Ya les he contado en otras ocasiones que mi redactor jefe y yo hablamos de los temas que vamos a abordar en este espacio. Con total libertad, claro. En la última conversación surgieron dos temas y me quedé con el segundo.
Pero no puedo resistirme a unas líneas con el primero, aunque no lo puedo tratar con la profundidad que se merece la persona. Este verano ha fallecido el profesor e investigador de la Universidad de Valladolid Teófanes Egido. Tuve la inmensa fortuna de ser su alumno en la mitad de los 90 del siglo XX. Diré, simple y cortamente, que su docencia fue magnífica: amena, atrayente, vital, social, humana.
En lo poco que pude beneficiarme de su personalidad esta me pareció que se correspondía con la de una persona entrañable, en la que se mostraba una gran comprensión de las circunstancias que acompañan al ser humano.
Quizá el otro tema sea más aburrido, así que quedan avisados desde aquí. Este que suscribe tiene como forma de vida el ejercicio profesional de la Arqueología. Entre nuestras obligaciones está la de explicar, en términos sencillos, cómo trabajamos y qué es lo que encontramos o no encontramos.
Afortunadamente, en innumerables ocasiones me he visto a pie de excavación, o debajo de un edificio -castillo, torre, iglesia-, dando explicaciones a partir de nuestros trabajos de campo.

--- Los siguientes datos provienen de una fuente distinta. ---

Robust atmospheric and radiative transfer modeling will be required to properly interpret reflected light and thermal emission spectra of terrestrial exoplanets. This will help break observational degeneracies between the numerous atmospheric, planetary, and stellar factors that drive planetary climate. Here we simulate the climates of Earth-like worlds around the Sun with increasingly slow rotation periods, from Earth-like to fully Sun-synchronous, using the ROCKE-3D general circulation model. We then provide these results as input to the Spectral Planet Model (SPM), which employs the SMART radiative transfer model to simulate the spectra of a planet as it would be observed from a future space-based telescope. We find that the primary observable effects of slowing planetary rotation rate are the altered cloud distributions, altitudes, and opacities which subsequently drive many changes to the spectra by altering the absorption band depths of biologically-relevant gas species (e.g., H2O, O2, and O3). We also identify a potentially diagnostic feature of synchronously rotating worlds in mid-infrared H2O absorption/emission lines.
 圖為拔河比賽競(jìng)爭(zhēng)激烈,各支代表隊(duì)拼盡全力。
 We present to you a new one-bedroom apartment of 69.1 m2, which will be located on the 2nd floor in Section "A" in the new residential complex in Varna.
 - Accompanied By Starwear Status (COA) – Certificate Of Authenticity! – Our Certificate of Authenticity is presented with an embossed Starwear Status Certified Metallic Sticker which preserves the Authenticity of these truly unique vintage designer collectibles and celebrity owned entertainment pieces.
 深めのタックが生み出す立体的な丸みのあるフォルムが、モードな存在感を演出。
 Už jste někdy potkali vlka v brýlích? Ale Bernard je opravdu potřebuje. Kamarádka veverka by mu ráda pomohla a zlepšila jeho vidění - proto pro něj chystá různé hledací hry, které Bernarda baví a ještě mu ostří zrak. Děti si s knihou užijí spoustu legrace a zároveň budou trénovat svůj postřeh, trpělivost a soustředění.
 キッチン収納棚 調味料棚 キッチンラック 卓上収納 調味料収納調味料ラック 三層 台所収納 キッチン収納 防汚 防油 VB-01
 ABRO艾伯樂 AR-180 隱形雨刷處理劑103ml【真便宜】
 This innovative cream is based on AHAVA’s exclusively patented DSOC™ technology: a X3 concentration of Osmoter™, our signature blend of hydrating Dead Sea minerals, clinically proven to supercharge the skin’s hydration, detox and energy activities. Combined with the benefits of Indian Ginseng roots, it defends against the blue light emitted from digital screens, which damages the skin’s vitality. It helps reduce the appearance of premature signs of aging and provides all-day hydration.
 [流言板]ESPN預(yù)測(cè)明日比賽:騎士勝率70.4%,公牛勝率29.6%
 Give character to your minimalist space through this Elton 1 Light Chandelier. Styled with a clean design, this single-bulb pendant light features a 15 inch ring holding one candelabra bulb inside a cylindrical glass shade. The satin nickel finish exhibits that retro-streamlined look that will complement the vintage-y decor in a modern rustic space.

Ustedes muestran una curiosidad -insaciable- que hay que tratar de solventar. Entre sus inquietudes están la de cómo sabemos que en ese punto en concreto hay algo enterrado y cómo es posible que se haya enterrado.
En cuanto a lo primero, cómo saber que existe registro arqueológico bajo nuestros pies, he de decir que estamos en un momento tecnológico apasionante. Técnicas que hace unos pocos años eran caras y complicadas de obtener están abaratando sus precios y su disponibilidad ha crecido exponencialmente: fotografías aéreas, satelitales, drones, LiDAR, magnetometría, georradar, son términos ya de uso casi común en nuestro lenguaje. En poco tiempo serán herramientas tan rutinarias como el pico, la pala o los jalones en nuestro trabajo de campo y de gabinete.
Pero hoy todavía vivimos de hacer las cosas a la antigua usanza, y un grandísimo porcentaje de los yacimientos inventariados en Castilla y León lo ha sido mediante prospección directa. Eso significa que esforzadas y esforzados prospectores han recorrido el territorio buscando restos materiales e inmateriales que permitan establecer la posición de los sitios arqueológicos.
Entre los materiales localizamos fragmentos de cerámica, huesos, trozos de ladrillo y teja, la basura doméstica, restos de muros, fuentes y un larguísimo listado de ítems que pueden ser la evidencia de que nuestro suelo oculta un castillo, una villa romana, un poblado calcolítico o vaya usted a saber qué otra acción humana que subyace enterrada en nuestro solar autonómico.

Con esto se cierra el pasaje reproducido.